El crimen de la mujer tuvo lugar en una tienda por la vía que de Girón conduce a Barrancabermeja. Por ahora hay pocas pistas del autor.

Publicado por: REDACCIÓN JUDICIAL
El rastro de sangre que había en la entrada de la casa, fue la señal inequívoca de que a María Isabel López de Guerrero, de 54 años, le había pasado algo.
Y así fue. Su cuerpo lo encontraron tendido, con cinco heridas en diferentes partes, que le ocasionaron con un cuchillo.
El atroz crimen, del cual la Policía tiene pocas pistas, se registró el martes en horas de la mañana en el asentamiento Las Acacias, de la vereda Vizcaína de Tienda Nueva, por la vía que de Girón conduce a Barrancabermeja.
La víctima, quien vivía sola en su vivienda, donde tenía una tienda, fue hallada por un vecino del sector que a las 9:00 de la mañana llegó para comprar lo del desayuno.
Al ver la sangre el hombre dio aviso a la Policía, que minutos después llegó al lugar y encontró el cadáver de la mujer.
La Sijín realizó el levantamiento del cadáver y lo trasladó a la morgue de Medicina Legal, donde ayer sus familiares hacían las diligencias para reclamarlo.
“Estamos investigando lo ocurrido. Se pudo tratar de un hurto o también se maneja la hipótesis de alguien que vivió con ella”, indicó el comandante de la Policía de Santander, coronel Édgar Nieto.
El cuerpo de la víctima será sepultado en Girón, donde residen varios de sus familiares más cercanos.
Un puñalada
El otro asesinato se presentó ayer en la madrugada en la esquina de la calle 51 con diagonal 12 del barrio Las Villas, en Floridablanca.
La víctima fue un hombre de 27 años, a quien la Policía identificó como Bernardo Celis Garzón, quien en extrañas circunstancias recibió una puñalada en el pecho.
“Nadie vio quién lo agredió. Él se estaba tomando una cerveza en la esquina y nosotros estábamos como a 20 metros. De un momento a otro lo escuchamos pidiendo ayuda y se desgonzó. Me acerqué y le levanté la camisa y tenía una herida en el pecho, en todo el corazón”, dijo un testigo.
En un taxi ‘Migajas’, como era conocida la víctima, fue trasladado a la Clínica Carlos Ardila Lülle, a donde ingresó sin signos vitales.
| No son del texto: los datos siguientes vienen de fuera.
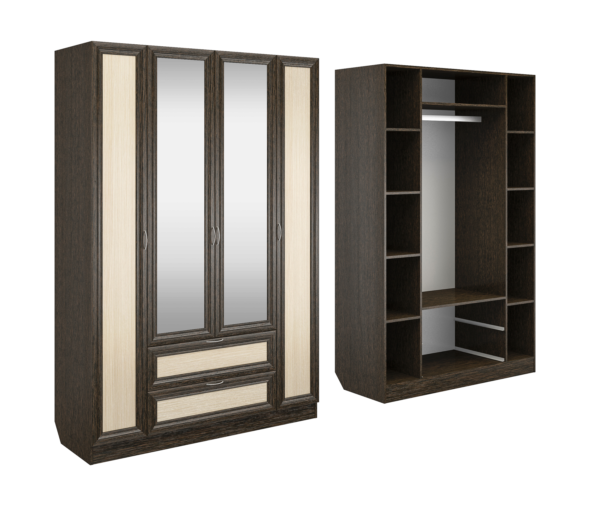 Корпус шкафа выполнен из Ламинированной ДСП высокого качества с насыщенным цветом. Фасады выполнены из материала МДФ.В данной моделе используются зеркала, которые внедрены в рамки фасадов.Шириною 140 см., красивый и удобный четырехстворчатый шкаф. По бокам слева и справа секции, по четыре полки в каждой. В центре сверху узкая ниша, под ней большая секция со штангой для одежды. В самом низу два выдвижных ящика. Два зеркала в данной моделе уже включены в стоимость.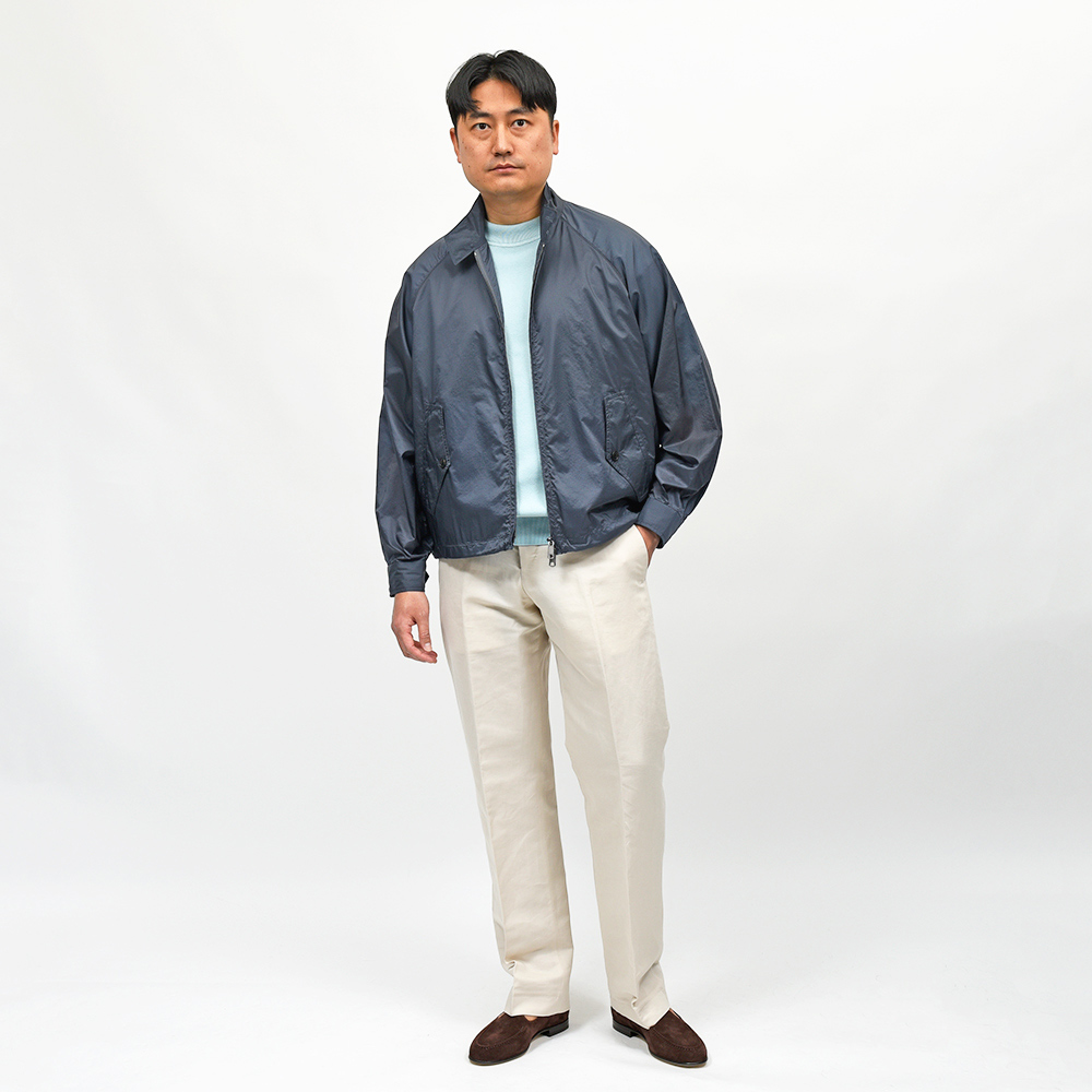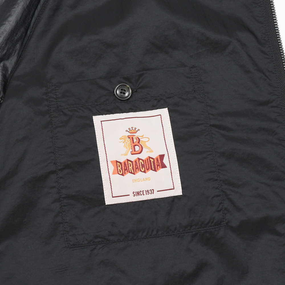 BARACUTAを代表するモデル“G9”の数年後に誕生したセカンドアイコンとも言えるモデルがこちらの“G4”です。G9に比べ、やや着丈が長く、袖口と裾がリブ仕様ではないためフワッと広がるシルエットが特徴的ですが、裾にはドローコードがあるため絞ることで違った印象を作り上げてくれます。また、ドッグイヤーカラーやラグランスリーブ、アンブレラヨークといったG9のアイコニックなディティールは継承されており、一目でBARACUTAであるという存在感を残しています。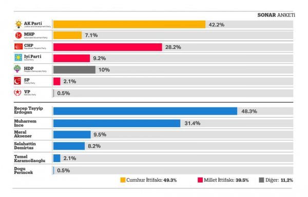 Sonar anketine göre ise AK Parti yüzde 42.2, CHP 28.2, MHP 7.1 oy alıyor, HDP ise yüzde 10 alarak yüzde 9.2 olan İYİ Parti'yi geçiyor. Saadet Partisi yüzde 2.1, Vatan Partisi ise yüzde 0,5 oy alıyor. Bu sonuçlara göre Cumhur İttifakı yüzde 49.3, Millet İttifakı ise yüzde 39.5 oy oranına sahip oluyor ve seçim 2. tura kalıyor.
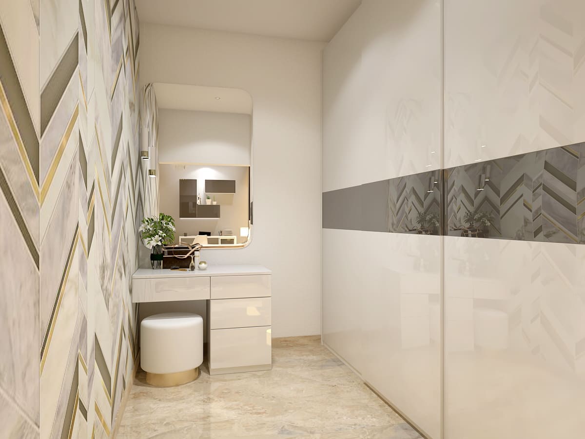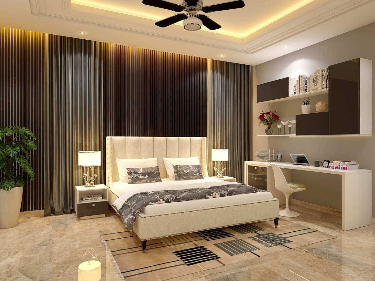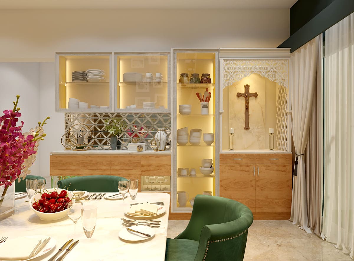 This super spacious duplex demanded all the grandeurs of the universe. Golden tones with classy interiors, a modern and classical fusion in the study room. Abstract patterns, neat and spacious rooms with bold and glamorous interiors. A lovely dining area, mesmerising staircase next to a dark toned wall sprinkled with black and white frames, fresh blue carpet and deep green chairs. A fancy study room, super-spacious kitchen with all the amenities and a seductive living room. Red chairs with grey sofa, gold, white and brown interiors. A chandelier that showers sparkle, stole our heart. The vibrant kid’s bedroom turned out exactly as we intended, check out that cool map on their wall!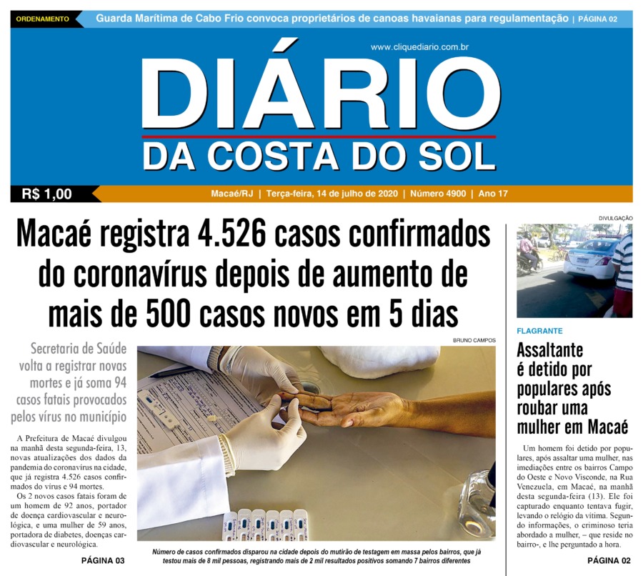 Edições Impressas Edição de terça-feira 14/07/2020 nº 4900 Publicado em 14/07/2020 - 05:00 Escrito por Fernando Vitor Notícias relacionadas:destaque Seguinte Edição de quarta-feira 15/07/2020 nº 4901 Anterior Edição de Sáb a Seg 11 a 13/07/2020 nº 4899 Fernando Vitor Notícias Recentes Cabo Frio18 horas atrás Arte e solidariedade marcam a 1ª Mostra de Dança Regional de Tamoios Cidades23 horas atrás Região serrana de Macaé recebe 1º X-Force Passeio de Quadriciclo e Aranha neste domingo (26) Polícia23 horas atrás Polícia apreende mais de meio quilo de drogas no Loteamento São João, em Rio das Ostras Saúde2 dias atrás Eventos esportivo e cultural reforça campanha do Outubro Rosa em Rio das Ostras nesse domingo, 26 Edições Impressas2 dias atrás Sábado a segunda-feira 25 a 27/10/2025 nº 6197 Cidades2 dias atrás Shopping Plaza Macaé oferece programação gratuita com feira de adoção e show de pagode neste fim de semana Cidades3 dias atrás 32º BPM completa 23 anos com solenidade de celebração e reconhecimento aos policiais Armação dos Búzios3 dias atrás Búzios celebra esporte e superação com XC RUN 2025 Araruama3 dias atrás Araruama promove saúde, lazer e cidadania em evento comunitário Arraial do cabo3 dias atrás Educação e sustentabilidade se encontram para jovens de Arraial do Cabo Clique Diário E. L. Mídia Editora Ltda CNPJ: 09.298.880/0001-07 Redação: Rua Tupinambás 122 Gloria – Macaé/RJ comercial@diariocs.com (22) 2765-7353 (22) 999253130 Mais lidas da semana Cultura7 dias atrás Silva Jardim anuncia shows gratuitos de samba e pagode para o fim de semana Cultura6 dias atrás Música, emoção e cores: Rodrigo Pontes apresenta show especial em Rio das Ostras Polícia7 dias atrás Policiais da PRF salvam bebê engasgado na BR-101, em Campos Cabo Frio7 dias atrás Atletas de várias cidades se enfrentam em competição de Muay Thai em Cabo Frio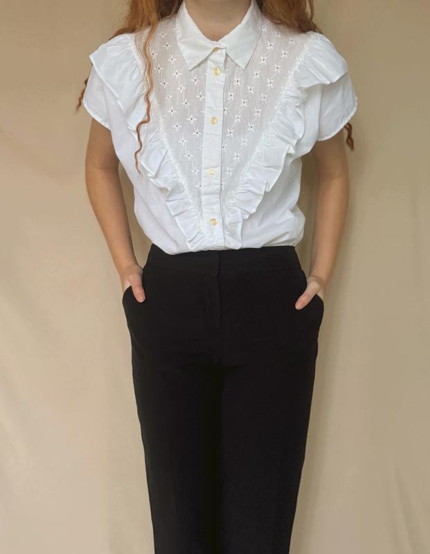 Біла блуза з рюшами та коміром 🤍 ✨Стан дуже хороший (і дрібні цяточки на тканині) 👒Розмір на бірці не вказаний, підійде від S до XL 🪡65% поліестер, 35% бавовна 🧚🏻♀️Заміри: Довжина виробу 59 Обхват грудей 104-110 Обхват талії 94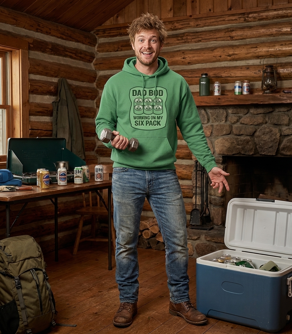 The "Dad Bod Working on My Six Pack" phrase captures the lifestyle of fun-loving dads who enjoy a relaxed physique, good humor, and a cold beverage.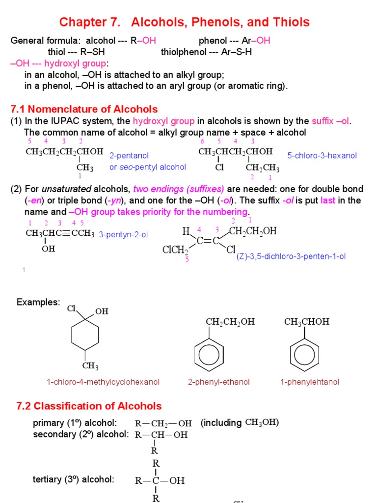 General formula: alcohol --- R–OH phenol --- Ar–OH

La Móvil de Criminalística de la Sijín se encargó de realizar el levantamiento del cadáver.
El occiso era padre de una niña de 2 años, residía en el barrio La Esmeralda, en Floridablanca, y estaba trabajando en un taller de latonería.
“Como a las 12:00 de la medianoche pasó la Policía, y lo requisaron y le dijeron que se fuera ya para la casa. Al rato fue que le pegaron la puñalada”, añadió el testigo.
Ayer en la tarde, sus familiares llegaron a la morgue de Medicina Legal donde les entregaron el cadáver.
“Él era una persona que no se metía con nadie, no tenía problemas. En realidad no sabemos qué pudo ocurrir porque no escuchamos nada”, agregó un amigo del fallecido.